Buell closed this fall as part of budget cuts in the Beecher district.

Saturday night's public premiere at the Toronto festival, generally regarded as North America's biggest film showcase, brought Moore a standing ovation. The left-leaning, Davison-bred director has been a festival favorite since "Roger & Me," his film about Flint and General Motors, played there in 1989.

"This will be a difficult film for Americans to watch," Moore told the Canadian audience after the screening. "It isn't really about guns as much as it is about the American psyche."

"Bowling for Columbine" premiered last spring at the Cannes Film Festival in France, where it earned a special Jury Prize as that festival's first honored documentary in 46 years.
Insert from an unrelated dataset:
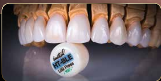
Restauraciones: Cortesía de Bill Marais, RDT & Rick Canizares, DMD

G-CEM LinkForce™ cemento de resina optimizado para ser utilizado con GC Initial™ LiSi Press

It is to be released to theaters starting in October by United Artists.

The Rolland tragedy occurred while Moore was making a movie in which another schoolroom tragedy -- the 1999 shootings at Columbine High School in Littleton, Colo. -- plays a central role.

Moore shows a Detroit TV reporter on the scene in Flint commenting off-camera about the senselessness of the Rolland shooting, and then bragging that his footage will be picked up by national news networks.

Busch talks about the pressure put on him by "gun nuts" who wanted "to hang" the 6-year-old boy who pulled the trigger.

Pickell is shown criticizing state welfare-to-work programs. The film implies that anti-welfare programs contributed to the neglect of the boy by forcing his mother, Tamarla Owens, to work out of town at an Auburn Hills restaurant.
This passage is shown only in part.